Обратимость
Шрифт:
– Черт, - почему-то паникую. Присаживаюсь на корточки и начинаю живо подбирать книжки, складируя их у себя на коленях. И как мне бороться с венаторами, когда я даже по коридору не могу пройти ровно?
– Бунтуешь против «Войны и мира»?
– Поднимаю глаза и неожиданно вижу перед собой Риту. Она кривит рот, закатывает глаза к потолку и как-то по-детски усмехается. – Рувер говорит: отличная книга, а я не могу осилить и полсотни страниц.

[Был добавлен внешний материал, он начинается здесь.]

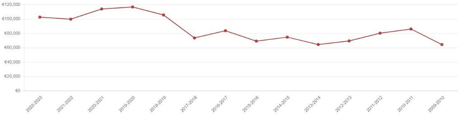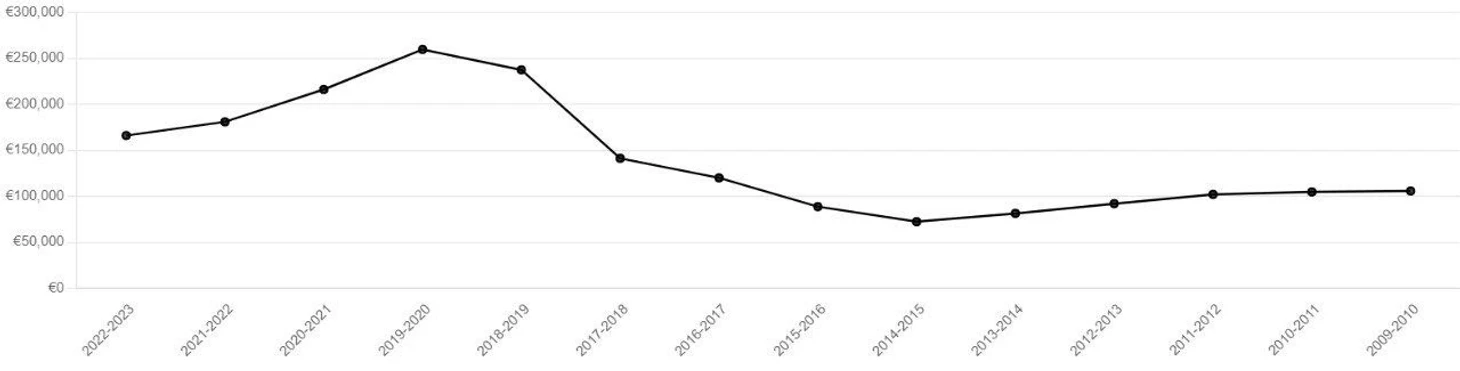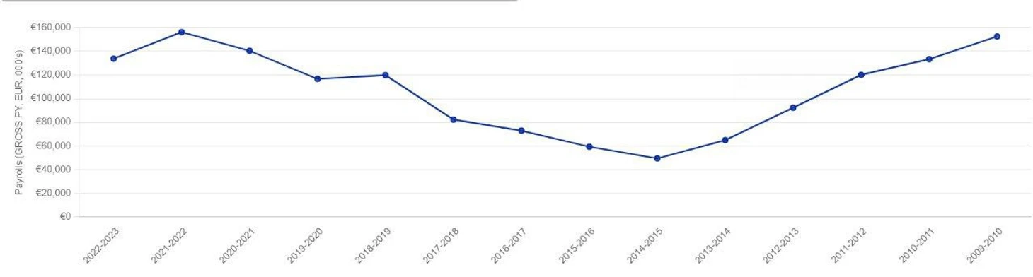 Динамика изменения зарплаты «Ромы». Здесь мы видим умеренное равновесие в последние годы.
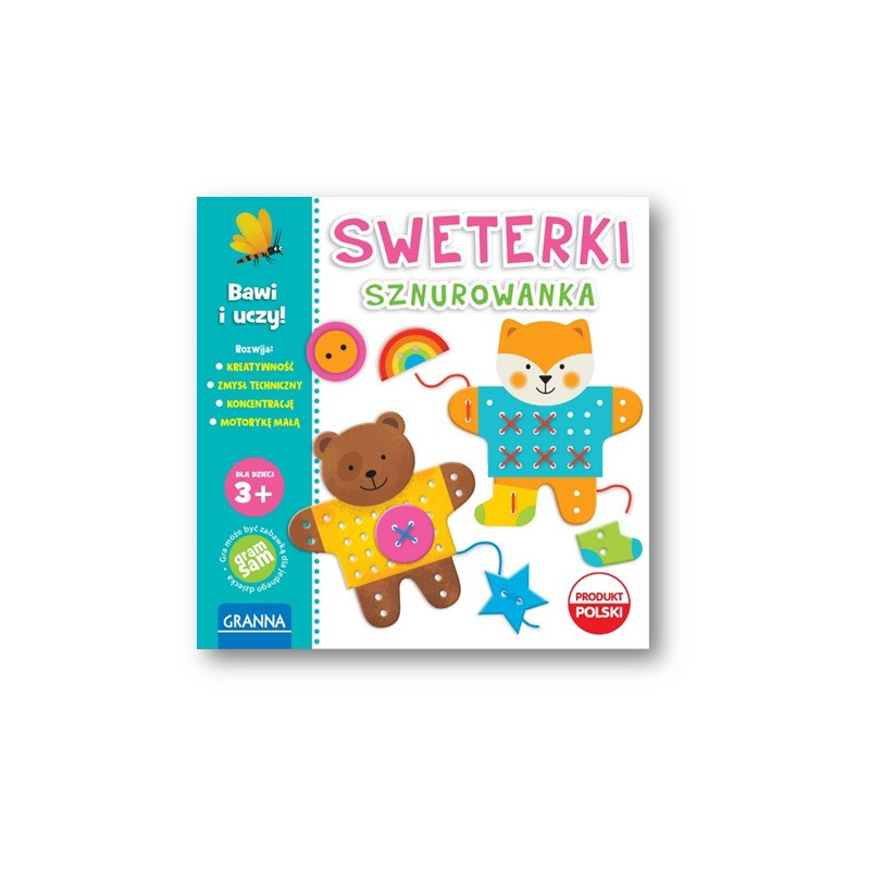 Zabawa polega na tym, aby stworzyć śliczny wzór na sweterku. Sznureczki w dłoń. Czas uwolnić Waszą kreatywność. Czy to będzie gwiazda, a może kwiatek? Możliwości są niemal nieograniczone! Zabawa ćwiczy motorykę małą i kreatywność.
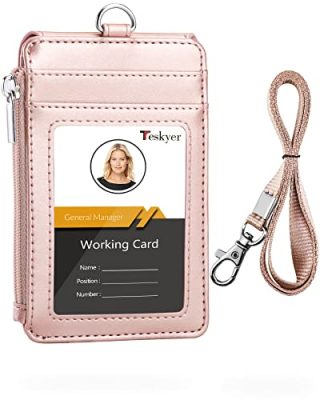 The Teskyer Badge Holder with Side Zip Pocket is a multipurpose ID card holder made of premium PU leather. It features four card slots, including a clear ID window and a side zip pocket. The holder comes with a durable nylon neck lanyard and is suitable for office staffs, teachers/students, couriers, and workers. It allows you to display your work badge while carrying several credit cards, cash, coins, or keys. The lanyard is comfortable to wear, and the holder is compact and lightweight. The design includes a flip cover with a snap button for added protection. The Teskyer Badge Holder is available in various colors.
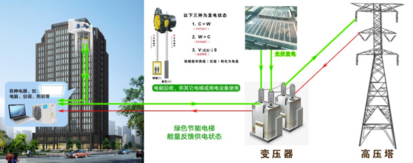 愛登堡自主研發(fā)的集成四象限變頻器,利用上升和下降的不平衡重量將勢能轉化為動能和電能發(fā)電,給樓宇的用電設備使用、減少樓宇設備向外界獲取的電能。愛登堡綠色電梯節(jié)能減碳技術,降低產(chǎn)品能耗,減少環(huán)境污染,推動社會綠色低碳發(fā)展,為實現(xiàn)碳達峰碳中和做出一份貢獻。

Рассеяно киваю. Встаю и расставляю тома на место. Все слова вдруг застревают в горле. Я поворачиваюсь, чтобы извиниться, но почему-то молчу и смотрю на шатенку ужасно нерешительно, будто собираюсь сообщить ей о том, что получила двойку по математике.
– Как картошка?
– Подгорела. – Облизываю губы. – Я
– О чем?
Вот он: тот самый подходящий момент. Втягиваю в легкие, как можно больше воздуха и собираюсь сказать «прости», как вдруг Рита делает шаг ко мне навстречу. Ее руки стискивают мою талию и смыкаются за спиной. Ошеломленно вскидываю брови. Почему шатенка не кричит на меня? Почему она не обижена? Вдыхаю уже знакомый яблочный запах, исходящий от ее волос, и говорю:
– Ну, хотя бы разозлись на меня.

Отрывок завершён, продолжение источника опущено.